**Required work:**
Pictures stay out of the copy. Transcribe exactly the lines from the line with "通佳epe發(fā)泡膜生產" through the final line of the records.

**Recorded information:**
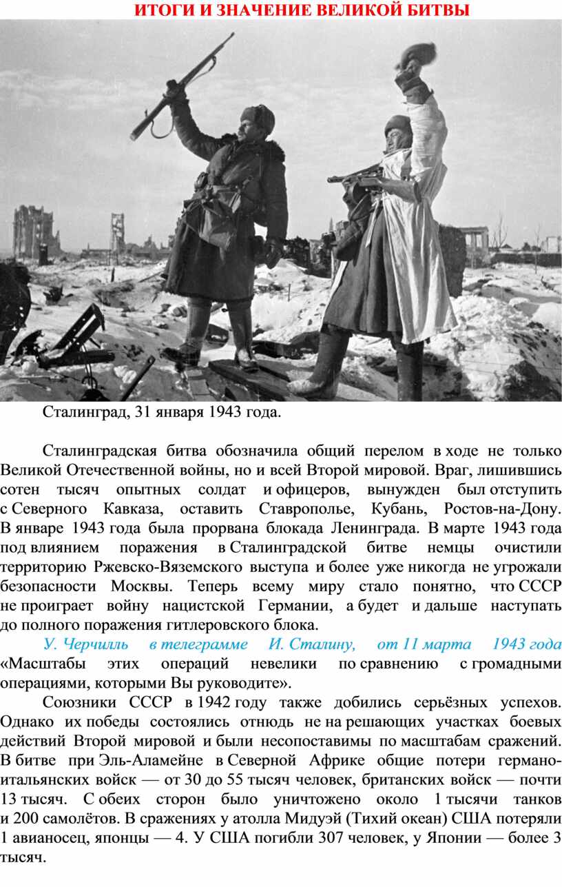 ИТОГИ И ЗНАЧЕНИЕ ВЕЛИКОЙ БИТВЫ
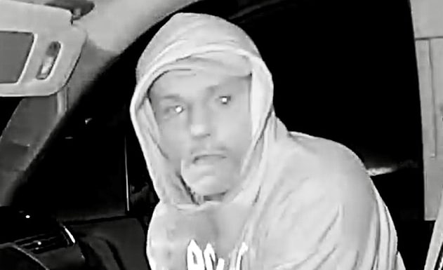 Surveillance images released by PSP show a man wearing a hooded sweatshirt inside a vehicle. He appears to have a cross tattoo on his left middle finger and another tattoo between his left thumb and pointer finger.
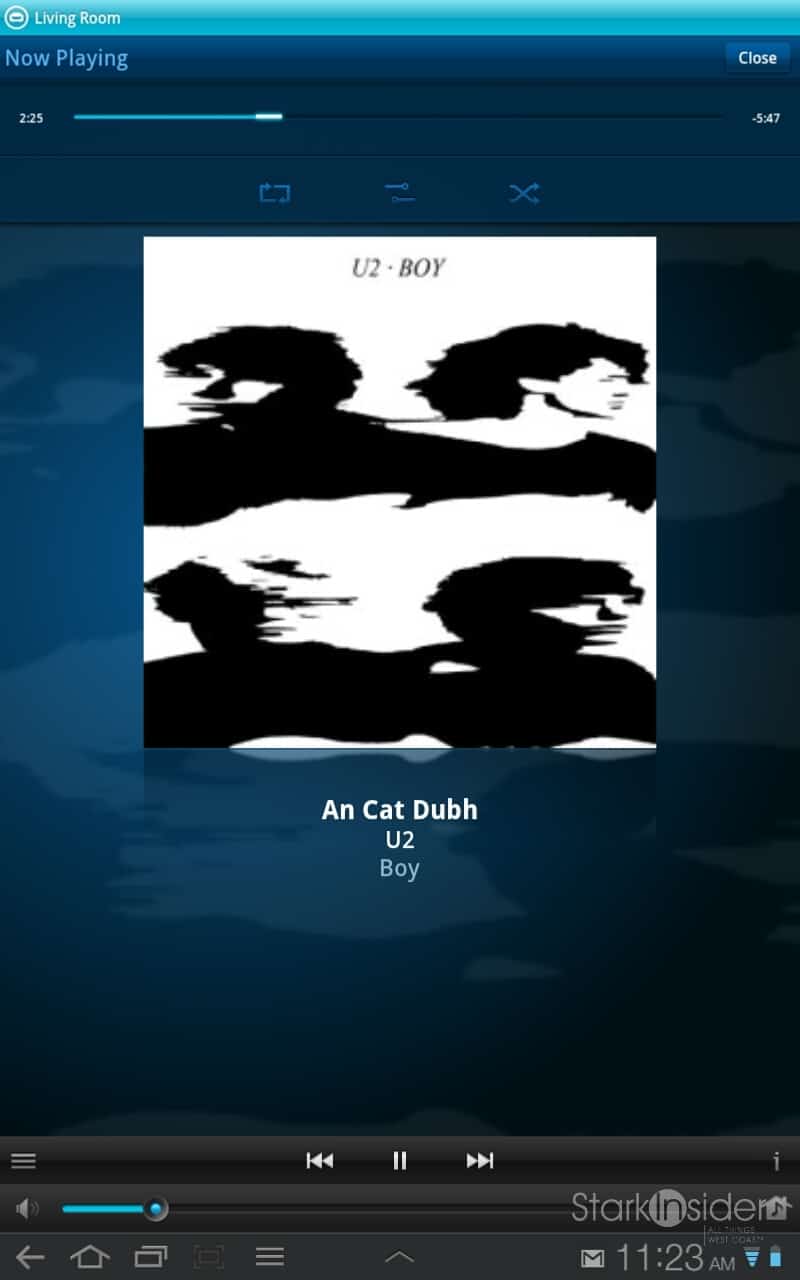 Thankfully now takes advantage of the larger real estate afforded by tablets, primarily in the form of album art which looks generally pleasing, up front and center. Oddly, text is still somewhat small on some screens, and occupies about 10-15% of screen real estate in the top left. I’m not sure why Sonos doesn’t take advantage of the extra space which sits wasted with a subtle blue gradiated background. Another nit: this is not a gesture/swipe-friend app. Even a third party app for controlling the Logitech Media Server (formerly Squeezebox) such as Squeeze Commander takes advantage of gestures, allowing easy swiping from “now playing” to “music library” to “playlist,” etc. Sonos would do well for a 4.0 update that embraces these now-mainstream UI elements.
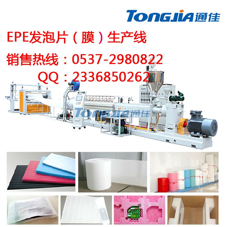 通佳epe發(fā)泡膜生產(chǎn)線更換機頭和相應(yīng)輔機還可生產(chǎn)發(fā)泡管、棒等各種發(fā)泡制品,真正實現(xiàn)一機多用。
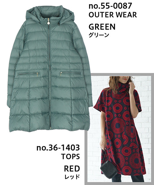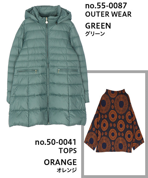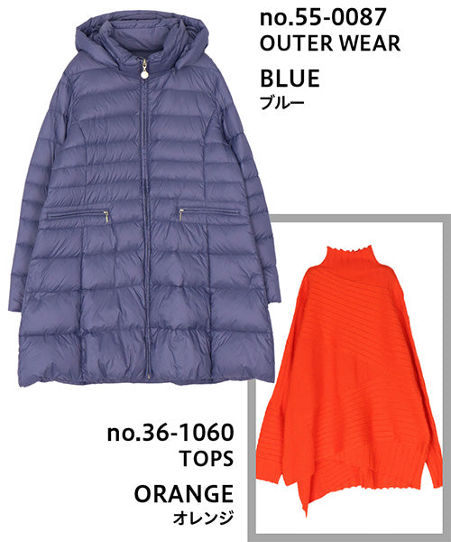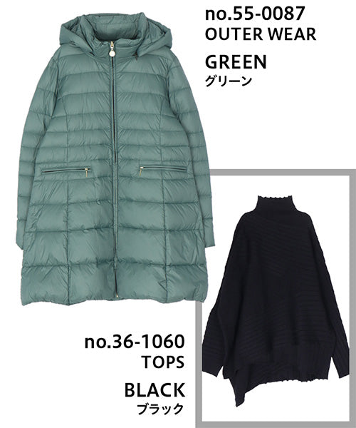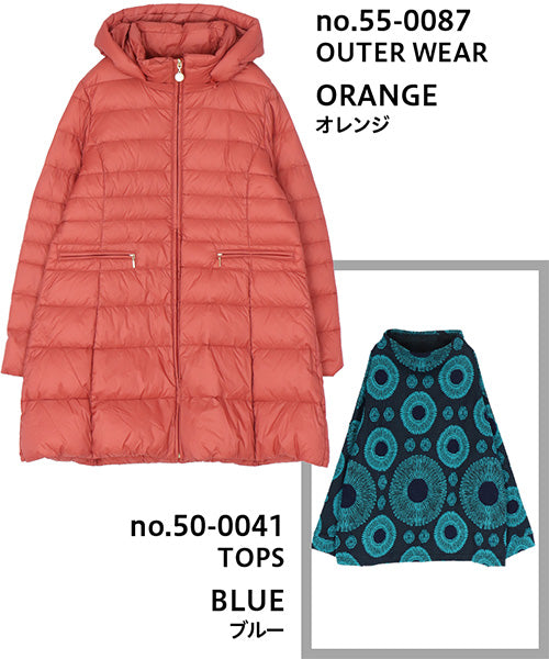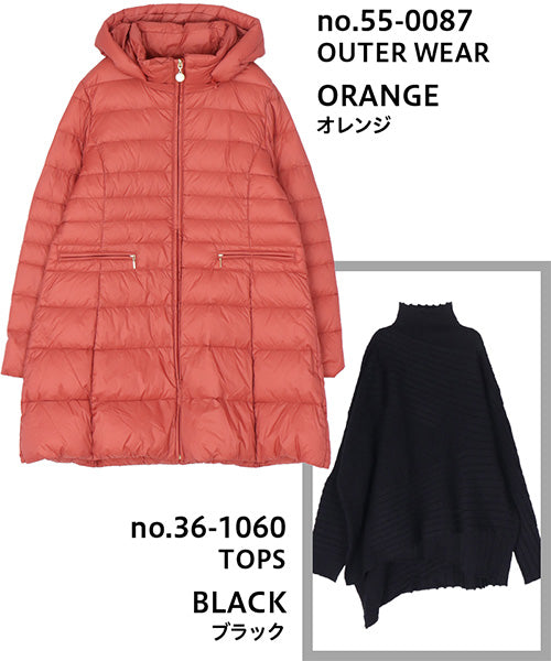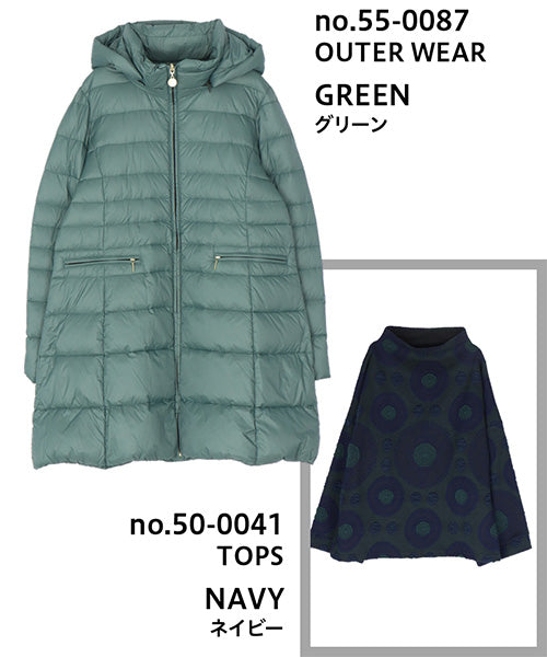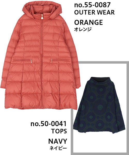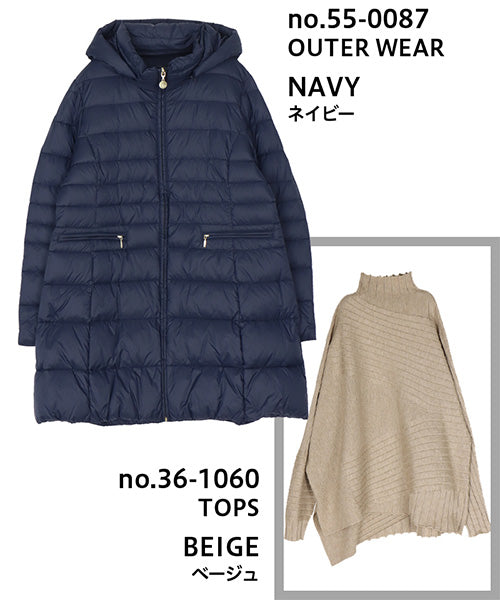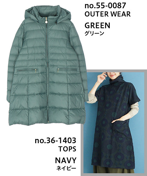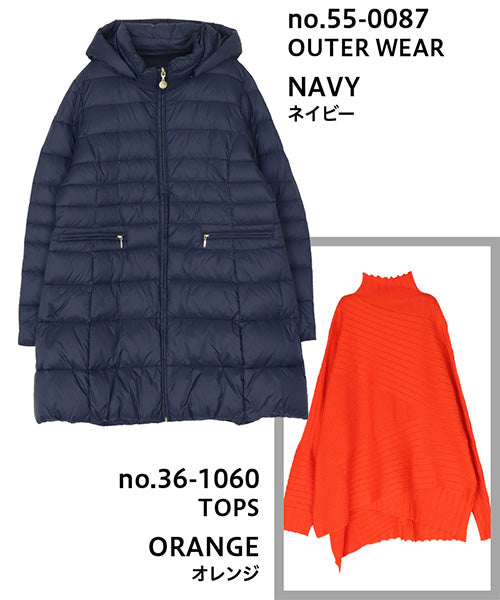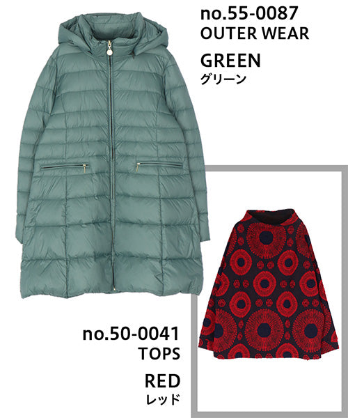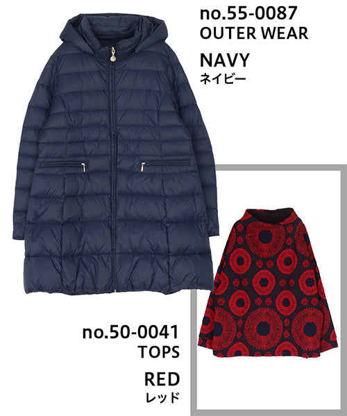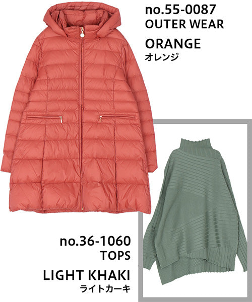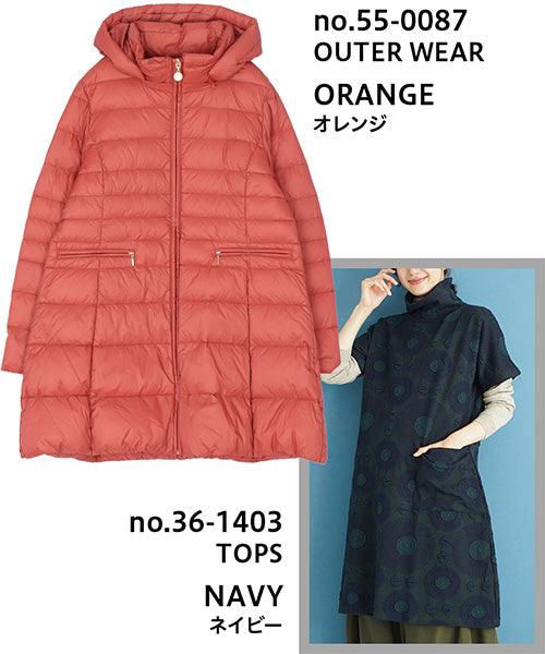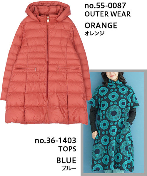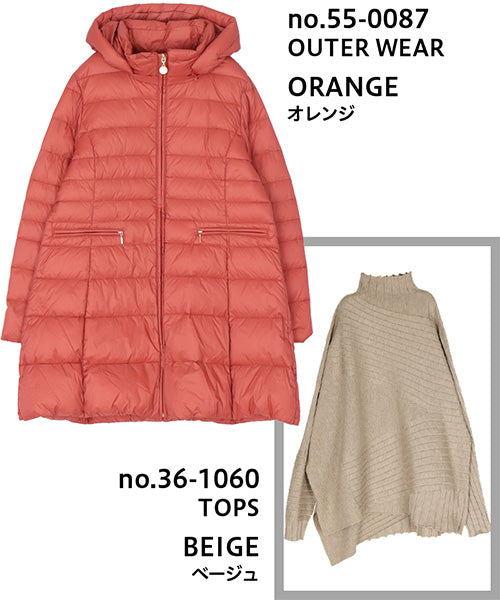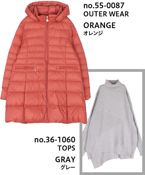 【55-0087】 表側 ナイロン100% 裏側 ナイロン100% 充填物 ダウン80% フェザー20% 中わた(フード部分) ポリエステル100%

**Task answer:**
 通佳epe發(fā)泡膜生產(chǎn)線更換機頭和相應(yīng)輔機還可生產(chǎn)發(fā)泡管、棒等各種發(fā)泡制品,真正實現(xiàn)一機多用。
 【55-0087】 表側 ナイロン100% 裏側 ナイロン100% 充填物 ダウン80% フェザー20% 中わた(フード部分) ポリエステル100%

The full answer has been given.